§ **What you are asked to do**: Give back, exactly as written, the lines from the first line of the data below through the line with "随后,校党委副书记、执行校长", and omit the pictures.

§ **Dataset section**:
□ □ □ □ □ □ □
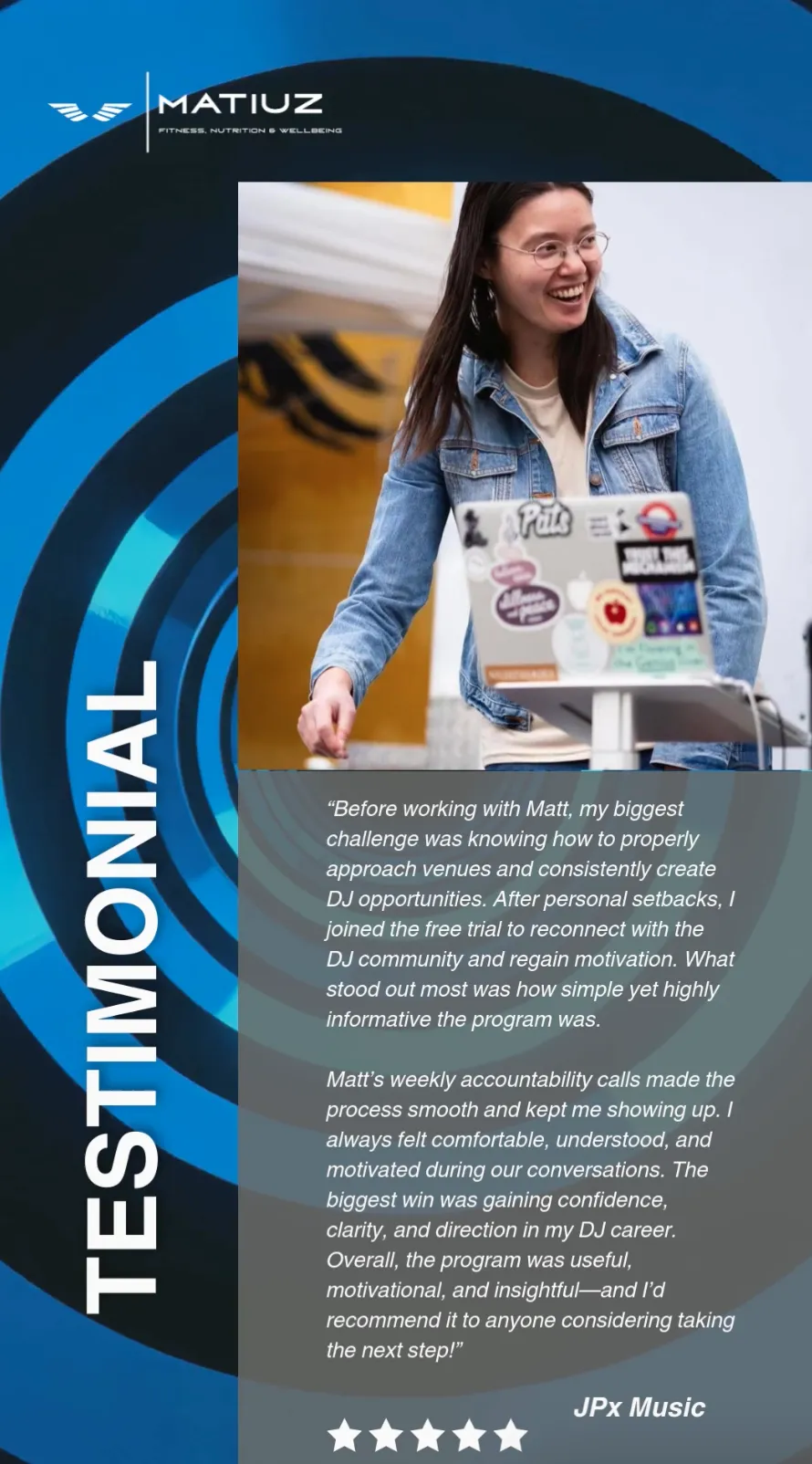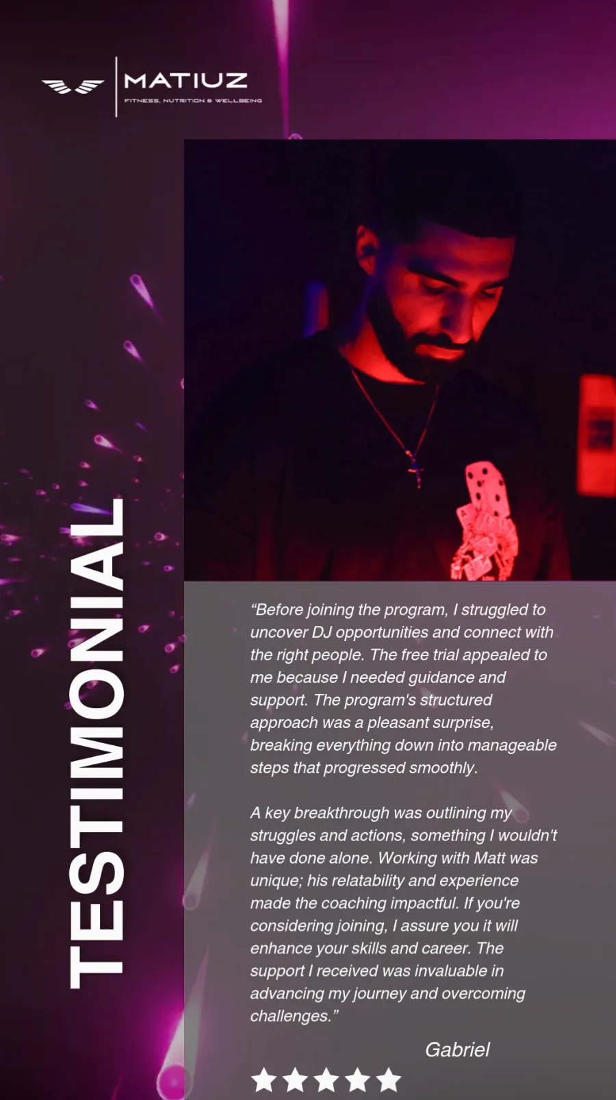 Masterminds with Matiuz. Best suited for touring or full time DJs, wanting to tour the world with Matiuz on DJ and Fitness Retreats. Everything in Bronze & Silver included!
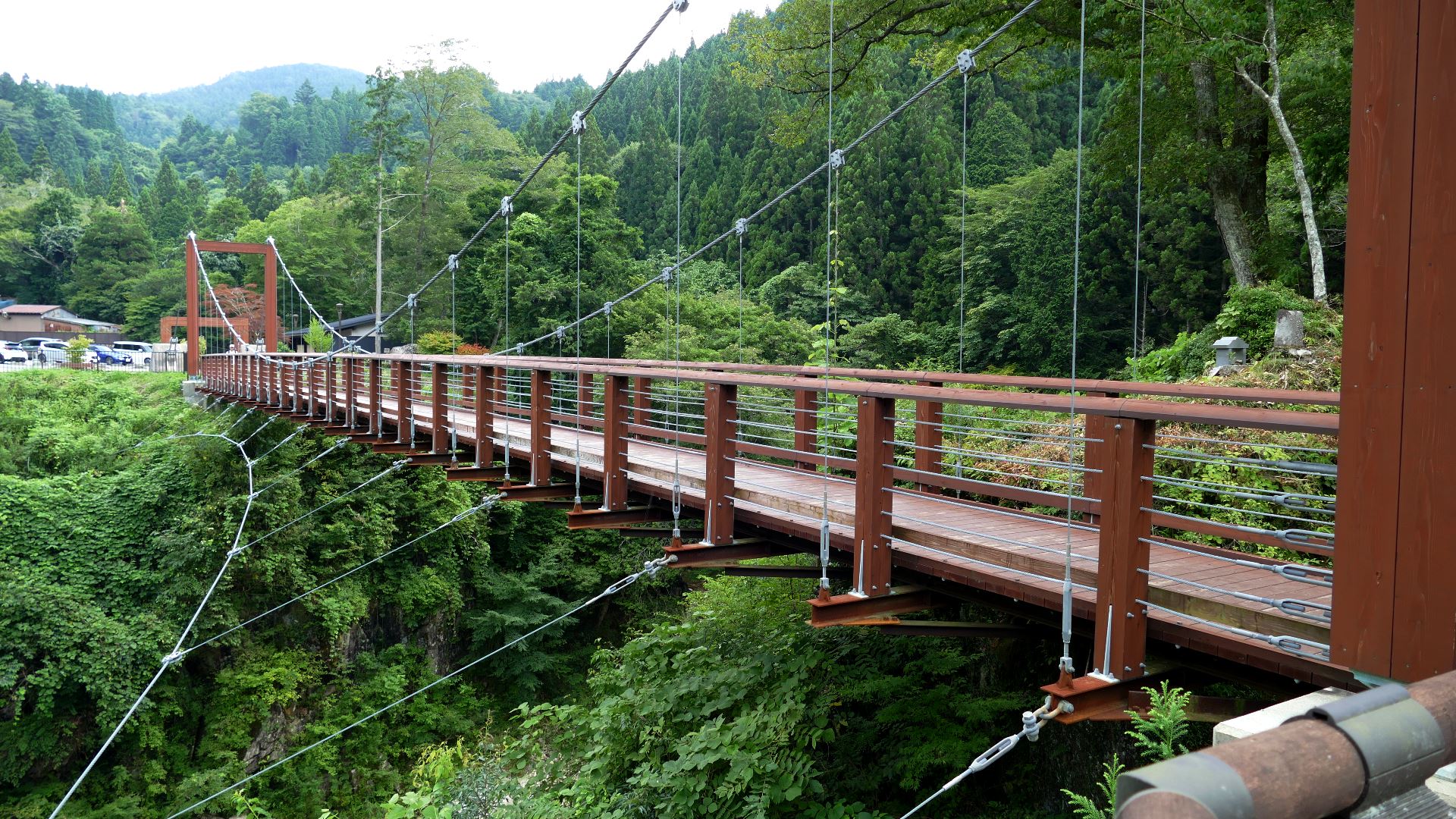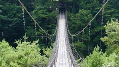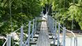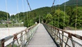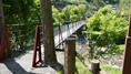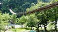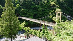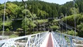 | かずら橋の近くの志津原ビレッジにある足羽川渓谷にかかる吊り橋。全長38m 橋の真ん中から渓流を見下ろすと素晴らしい景観を楽しめる、渓谷には約3kmのふれあい遊歩道が整備されている。 2020.8 |
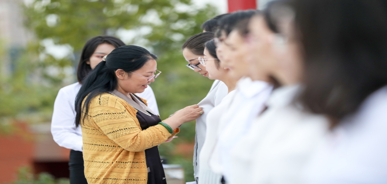 随后,校党委副书记、执行校长徐爱民,组织部部长黄岩及青岛第五届高校教学名师获得者庄新颖、单菁华为新进教师佩戴校徽。
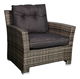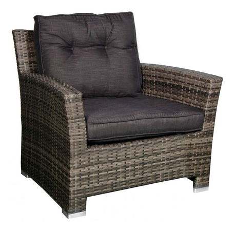 Stylové křeslo do zahrady z opletu z umělého ratanu. Vyznačuje se stabilní hliníkovou konstrukcí. Je odolné povětrnostním vlivům, nenáročné na údržbu. Balení je včetně podušek (sedáky se zipem, opěráky kroužkově prošity, síla cca. 10 cm).
□ □ □ □ □ □ □
§ **Task response**:
 Masterminds with Matiuz. Best suited for touring or full time DJs, wanting to tour the world with Matiuz on DJ and Fitness Retreats. Everything in Bronze & Silver included!
 | かずら橋の近くの志津原ビレッジにある足羽川渓谷にかかる吊り橋。全長38m 橋の真ん中から渓流を見下ろすと素晴らしい景観を楽しめる、渓谷には約3kmのふれあい遊歩道が整備されている。 2020.8 |
 随后,校党委副书记、执行校长徐爱民,组织部部长黄岩及青岛第五届高校教学名师获得者庄新颖、单菁华为新进教师佩戴校徽。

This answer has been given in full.